Make a scatter plot with vegetable servings versus income, that is, with vegetable servings on the y-axis and income group on the x-axis.
You might want to use ylim
to zoom in on the bottom half of the y-axis.
Exercise: Now estimate the slope of the relationship between vegetable consumption and income.
Use
dropna
to select rows where_INCOMG1
and_VEGESU1
are notNaN
.Extract
_INCOMG1
and_VEGESU1
and compute the simple linear regression of these variables.Finally, plot the regression line on top of the scatter plot.
What is the slope of the regression line? What does this slope means in the context of the question we are exploring?
9.6. Summary#
This chapter presents three ways to visualize the relationship between two variables: a scatter plot, violin plot, and box plot. A scatter plot is often a good choice when you are exploring a new data set, but it can take some attention to avoid overplotting. Violin plots and box plots are particularly useful when one of the variables has only a few unique values or the values have been rounded into bins.

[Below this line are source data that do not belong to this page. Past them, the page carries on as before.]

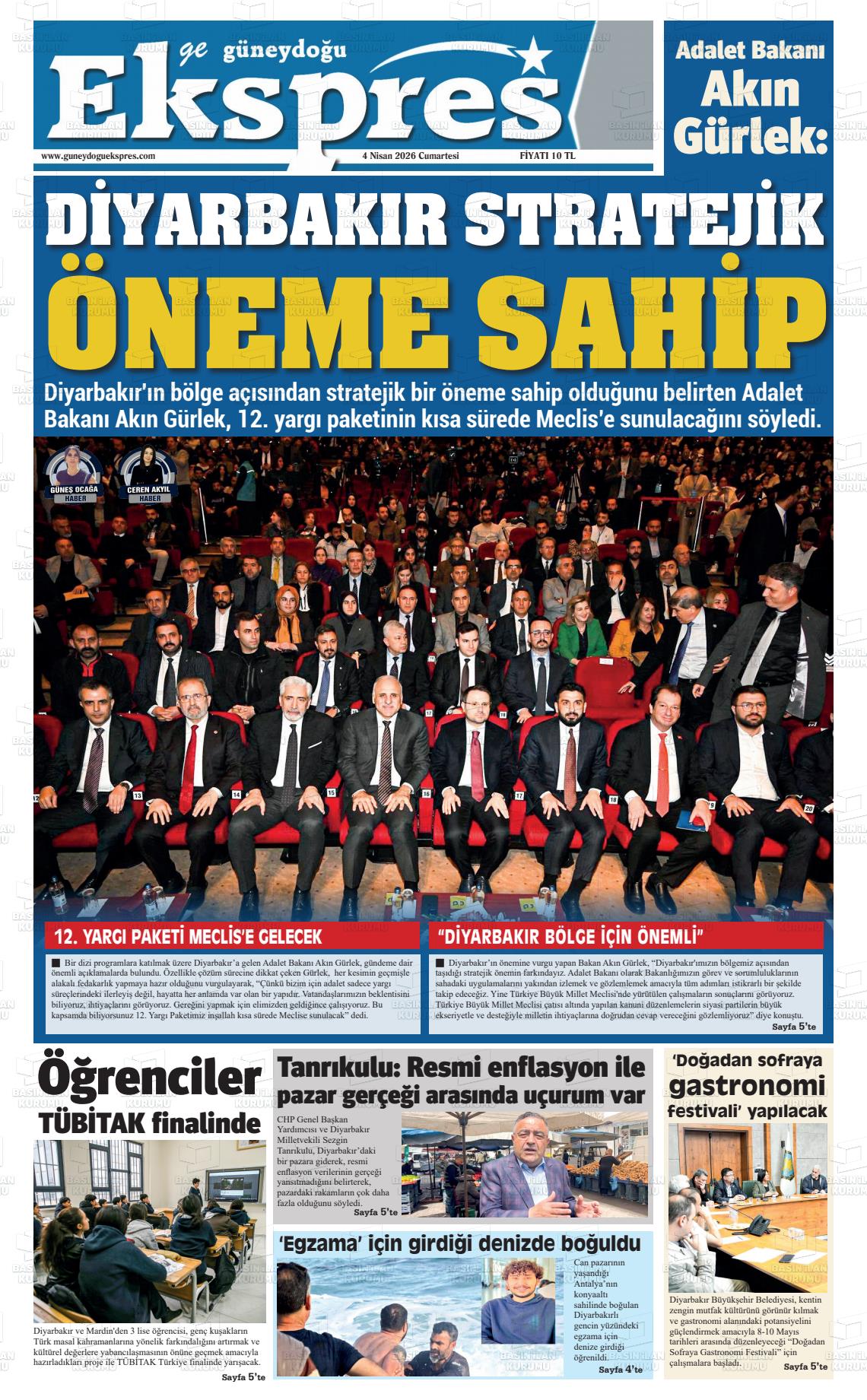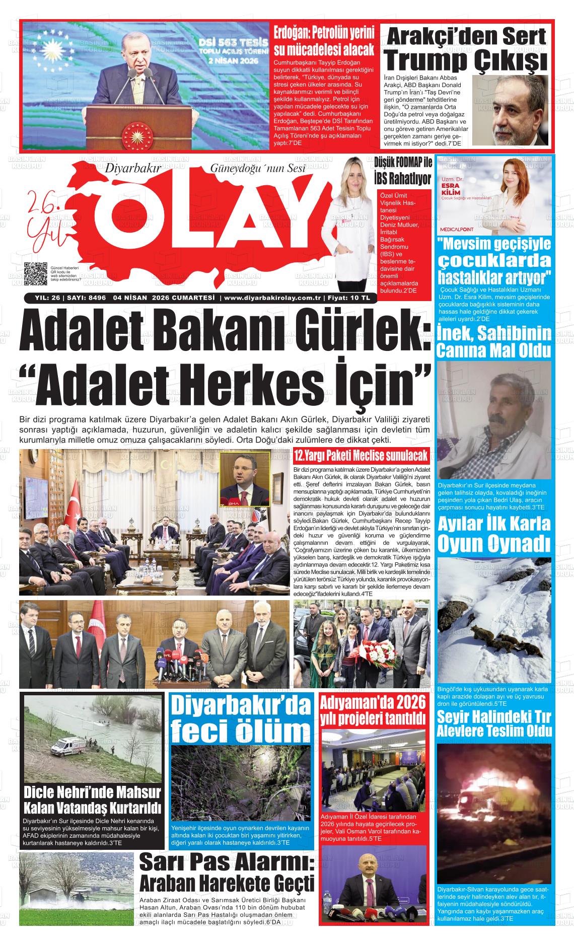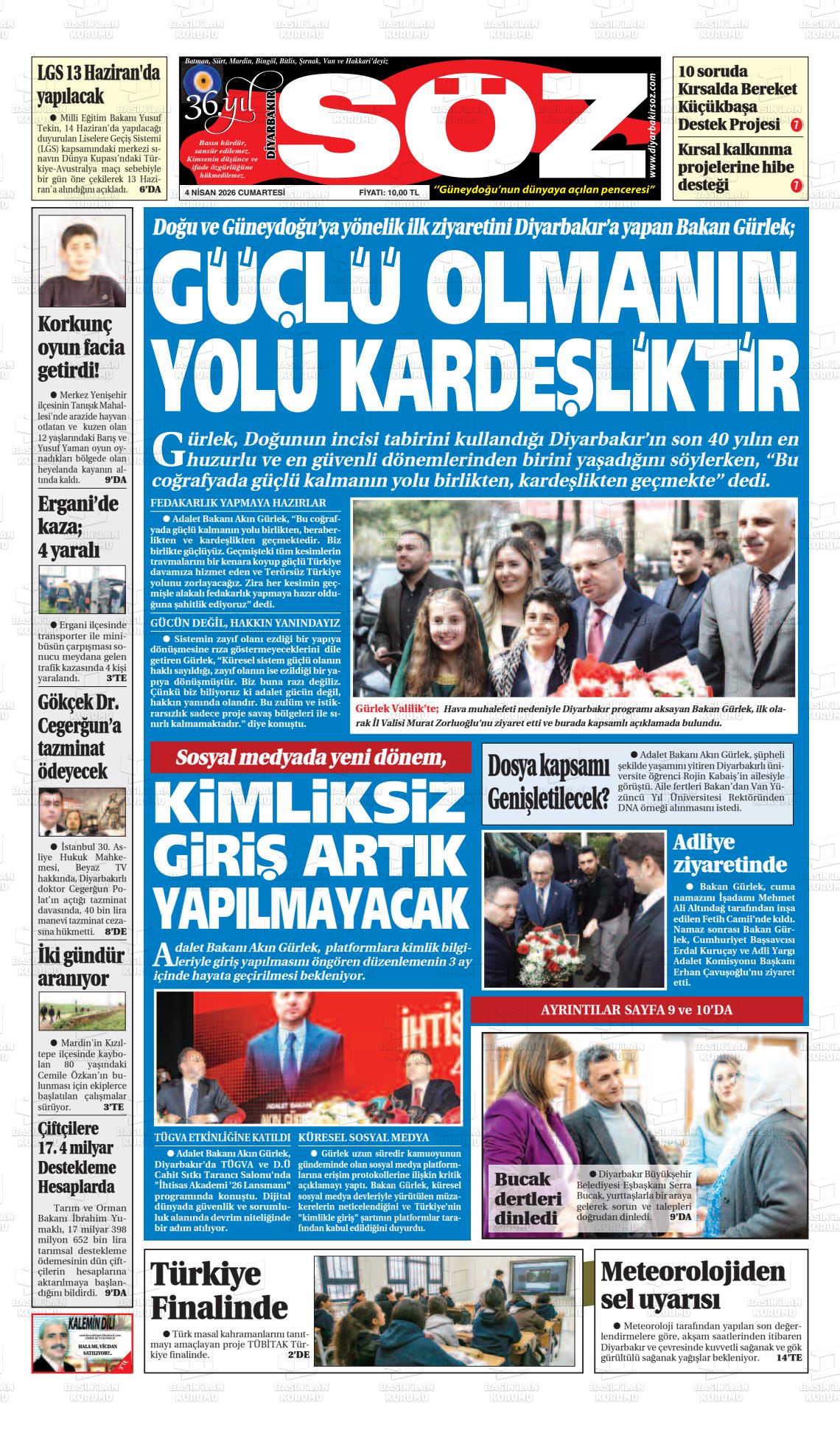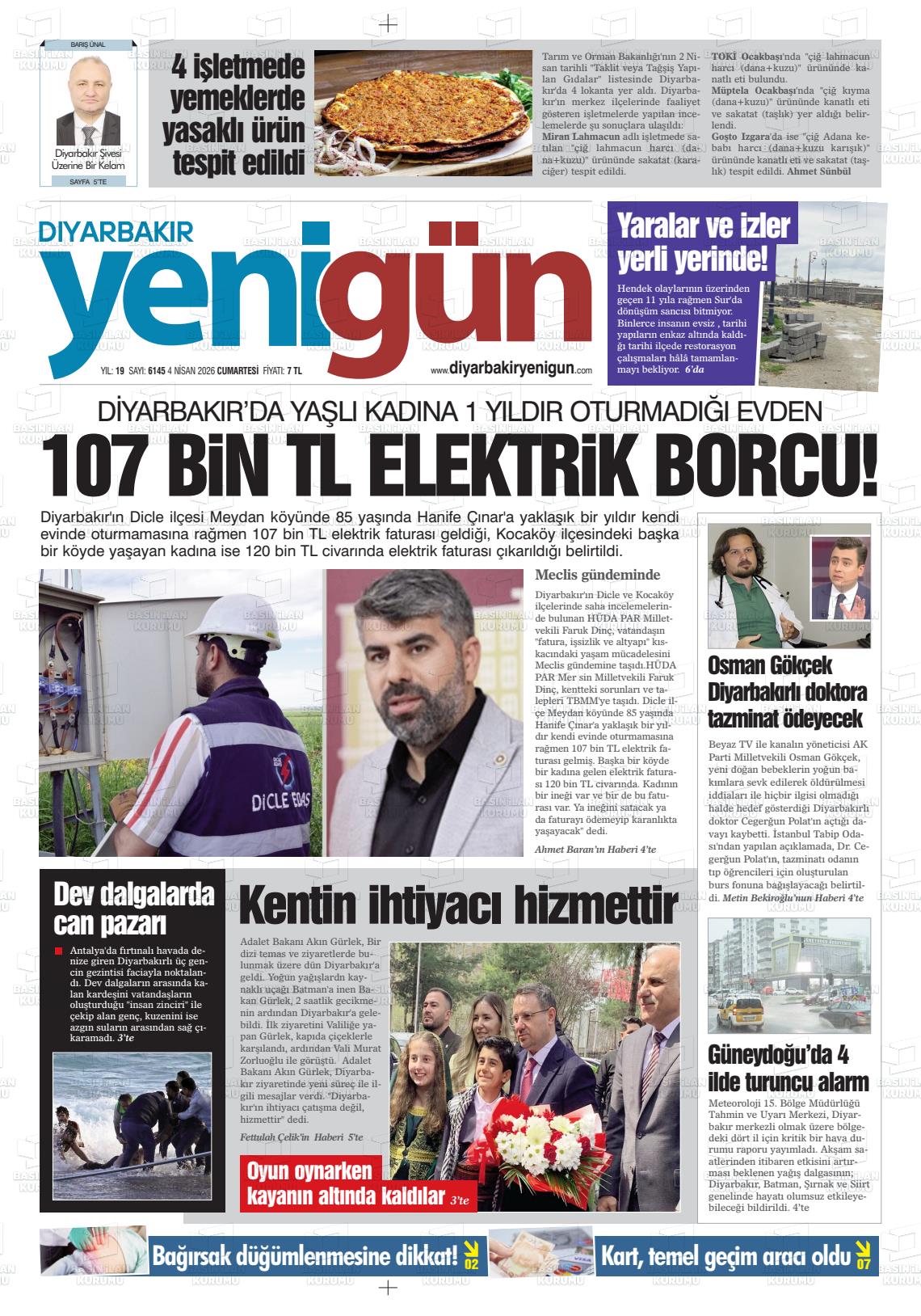 Dİyarbakır Yerel Gazeteleri 04 Nisan 2026, Cumartesi Günü Manşeti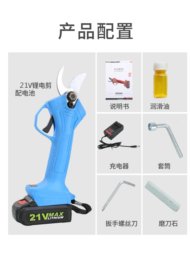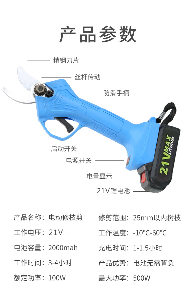 电动修枝剪 沃达尔 21V 树枝电动果树剪刀 园林园艺苹果高枝剪 充电式电剪刀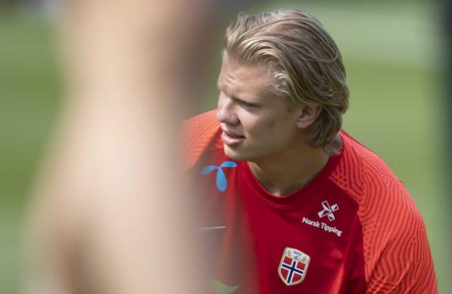 Erling Braut Haaland endte på tredjeplass i Kickers kåring av årets spiller i tysk fotball. Foto: Geir Olsen / NTB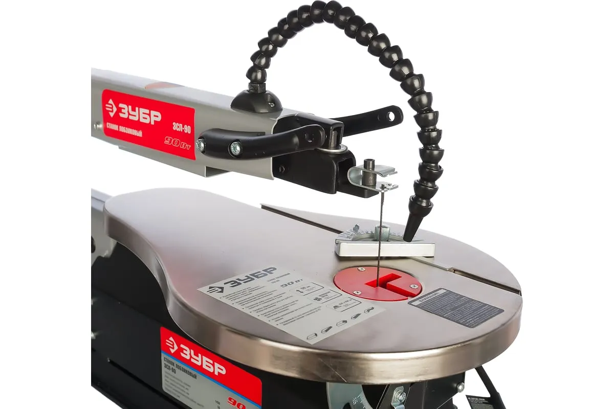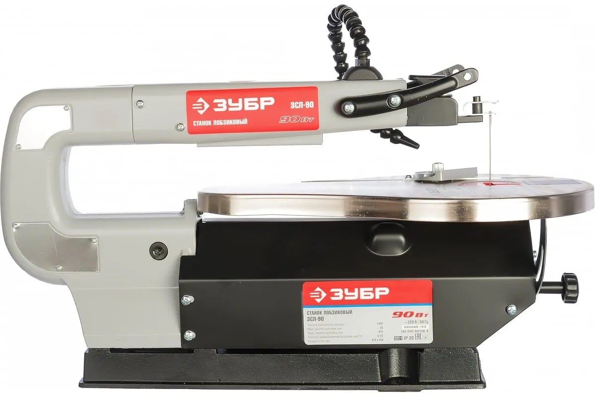 Лобзиковый станок ЗУБР ЗСЛ-90 используется на небольших производствах для распилки деревянных или пластмассовых изделий. Рабочий стол имеет возможность наклоняться на угол от 0 до 45 градусов, что позволяет выполнять пилы под углом. Для точности выполнения работ в комплект станка входит боковой упор с транспортиром.

We considered two ways to quantify the strength of a relationship: the coefficient of correlation and the slope of a regression line. These statistics capture different aspect of what we might mean by “strength”. The coefficient of correlation indicates how well we can predict one variable, given the other. The slope of the regression line indicates how much difference we expect in one variable as we vary the other. One or the other might be more relevant, depending on the context.